__Instructions for the task__:
Write out, exactly and in full, the line where "CLEAR FOCUSâ„¢ CAFFEINE FREE is" appears together with all lines that follow it in the entries below. Do not include pictures.

__Data excerpts__:

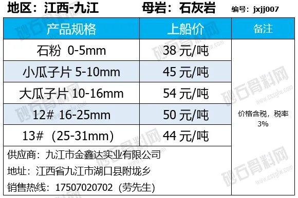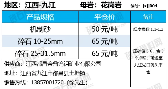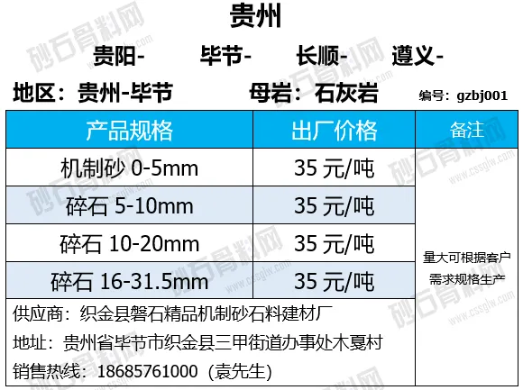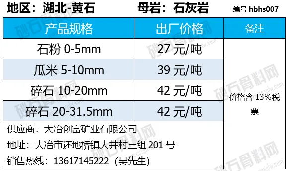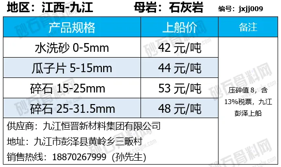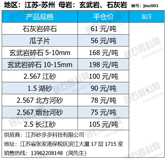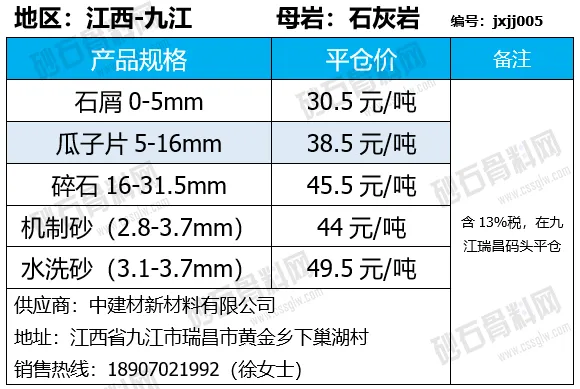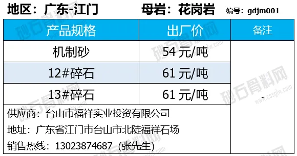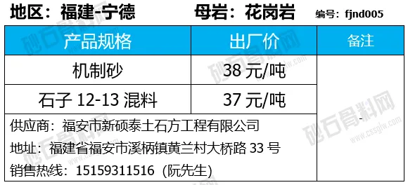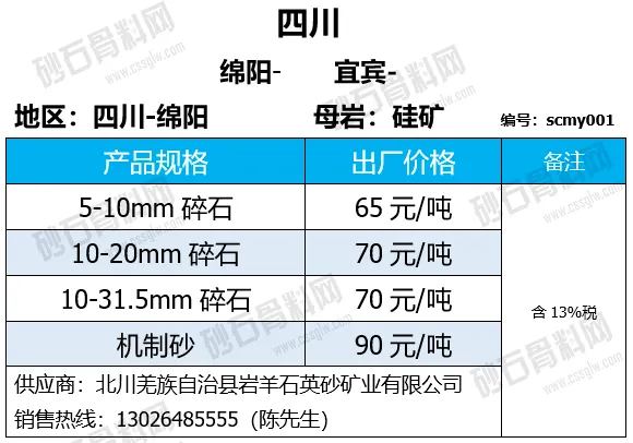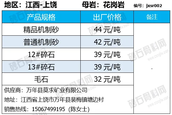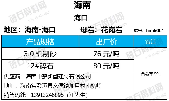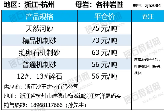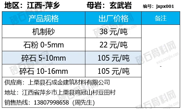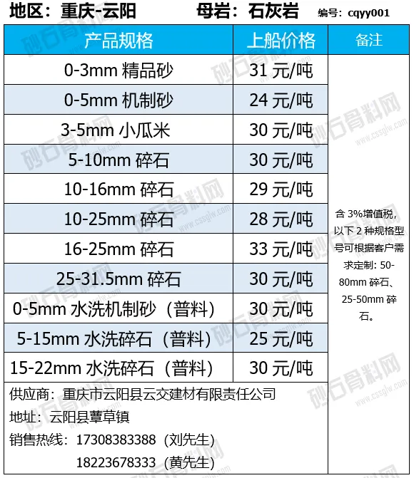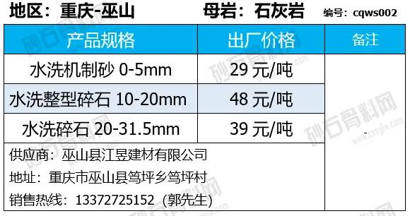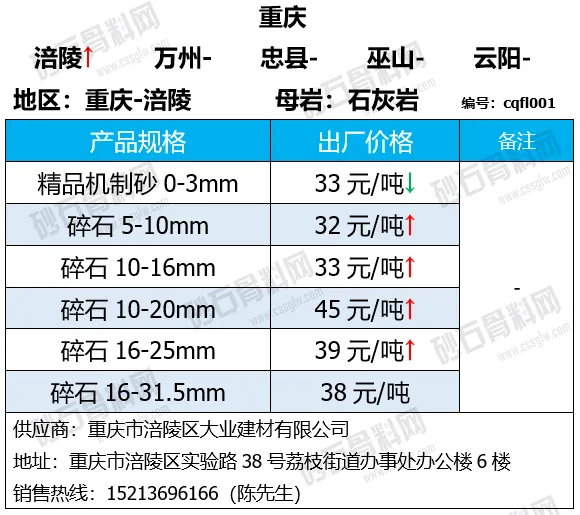 重庆涪陵机制砂、碎石上涨1-7元/吨;
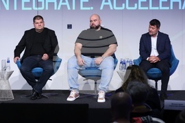 София (14 октомври 2025) В Sofia Event Center се провежда технологичен форум Technovation 2025, в който списание "Мениджър" е домакин. Програмата събира в един ден водещи гласове от индустрията, академията и предприемаческата екосистема, които ще обсъдят трансформативната роля на изкуствения интелект, облачните решения и киберсигурността в съвременния бизнес. На снимката: модераторът и главен редактор на "Мениджър News" Иван Нончев, технологичният предприемач, член на КС, БРАИТ, CEO на Vaerolabs и CleverPine Ventures Радослав Гайдарски (третият от ляво), и главният директор "Растеж", Сирма Груп Холдинг - Момчил Зарев (вдясно).
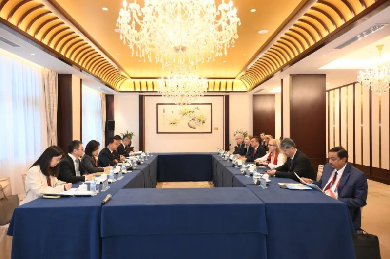 2026年4月22日,国家国际发展合作署副署长赵峰涛集体会见联合国助理秘书长兼儿童基金会副执行主任范德海登、联合国工业发展组织副总干事邹刺勇、国际原子能机构副总干事刘华、红十字会与红新月会国际联合会副秘书长斯托伊科维奇、新开发银行副行长兰詹、亚洲基础设施投资银行首席伙伴合作官金宪。
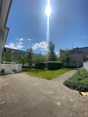 Til lejligheden hører også adgang til et fantastisk gårdanlæg, der tilfører et strejf af natur og ro midt i byens hjerte. Dette hyggelige udendørsområde er det perfekte sted at slappe af og nyde det gode vejr.
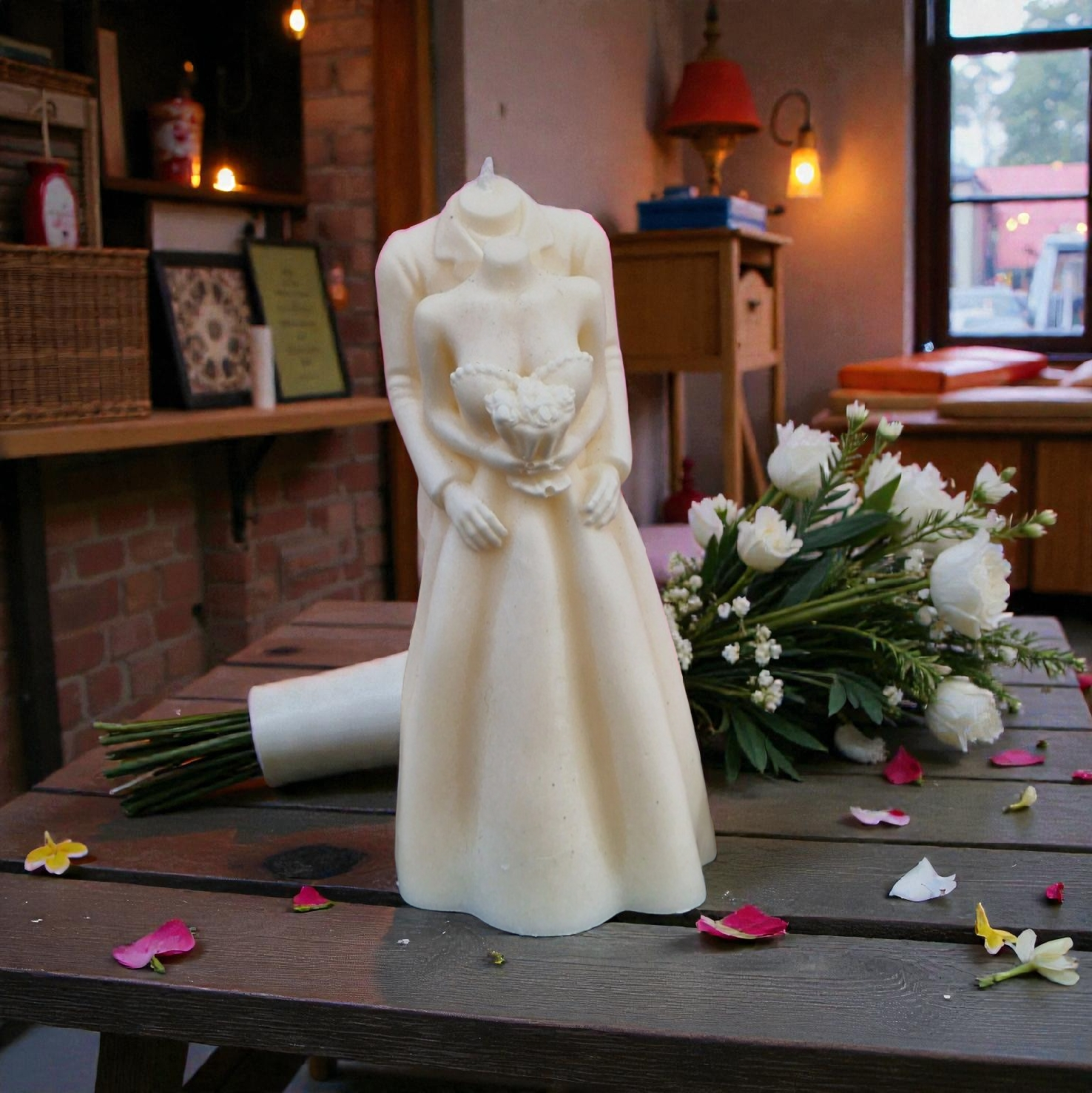 Απαθανατίστε τη στιγμή της απόλυτης ένωσης με το χειροποίητο κερί "Eternal Embrace". Ένα μοναδικό έργο τέχνης σε μορφή γλυπτού, που απεικονίζει τη νύφη και τον γαμπρό σε μια τρυφερή αγκαλιά.
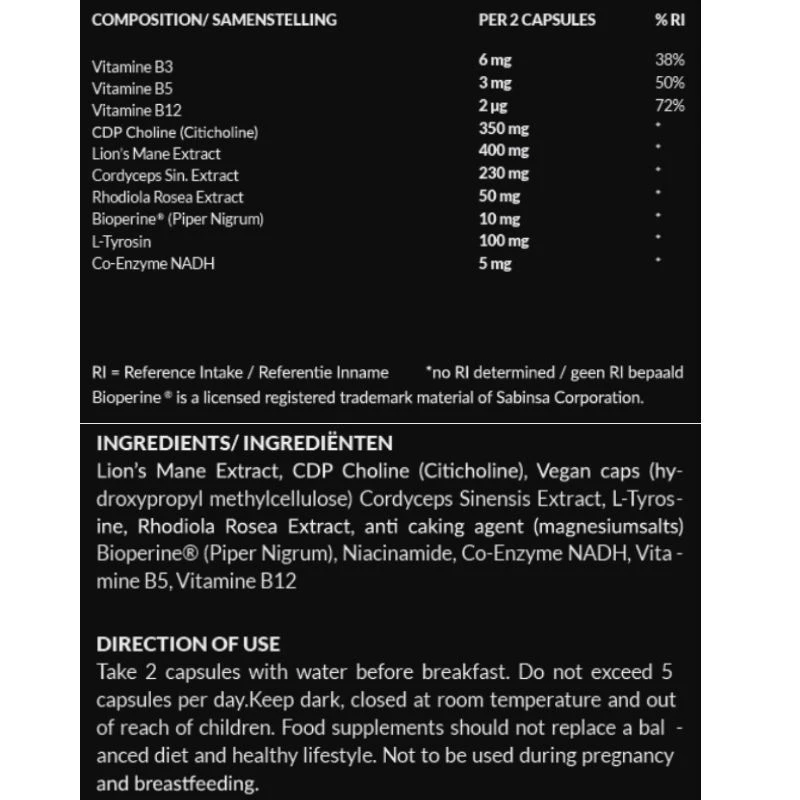CLEAR FOCUSâ„¢ CAFFEINE FREE is all the best of your favourite nootropic but without the caffeine. European legislation recommends consuming no more than 400mg of caffeine per day. Do you already drink a lot of coffee or do you consume other caffeine-rich supplements during the day? Or are you a bit uncomfortable with caffeine-rich products? Then CLEAR FOCUSâ„¢ CAFFEINE FREE has been specially developed for you.
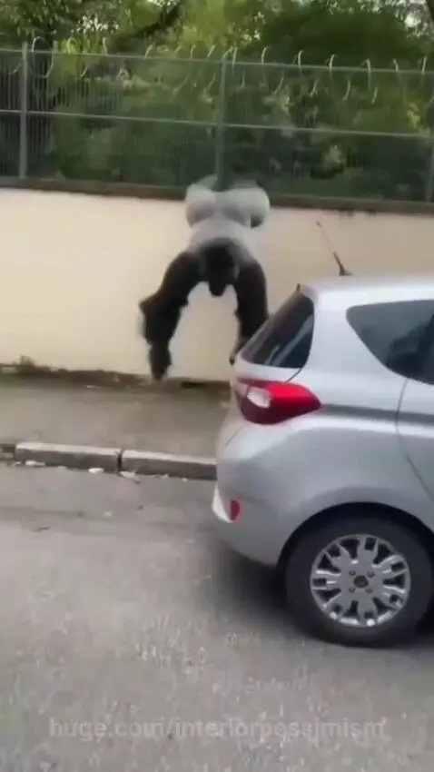 Breaking News: A gorilla escapes from a zoo and steals a car parked next to it.
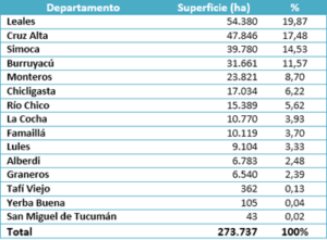 Respecto al año 2017, Leales (-7%), Cruz Alta (-3%), Burruyacú (-14%) y Chicligasta (-12%) mostraron una disminución en la superficie plantada con el cultivo. Mientras, Simoca (+3%), Famaillá (+2%), La Cocha (+9%) y Alberdi (+6%) registraron un incremento.

__Answer section__:
CLEAR FOCUSâ„¢ CAFFEINE FREE is all the best of your favourite nootropic but without the caffeine. European legislation recommends consuming no more than 400mg of caffeine per day. Do you already drink a lot of coffee or do you consume other caffeine-rich supplements during the day? Or are you a bit uncomfortable with caffeine-rich products? Then CLEAR FOCUSâ„¢ CAFFEINE FREE has been specially developed for you.
 Breaking News: A gorilla escapes from a zoo and steals a car parked next to it.
 Respecto al año 2017, Leales (-7%), Cruz Alta (-3%), Burruyacú (-14%) y Chicligasta (-12%) mostraron una disminución en la superficie plantada con el cultivo. Mientras, Simoca (+3%), Famaillá (+2%), La Cocha (+9%) y Alberdi (+6%) registraron un incremento.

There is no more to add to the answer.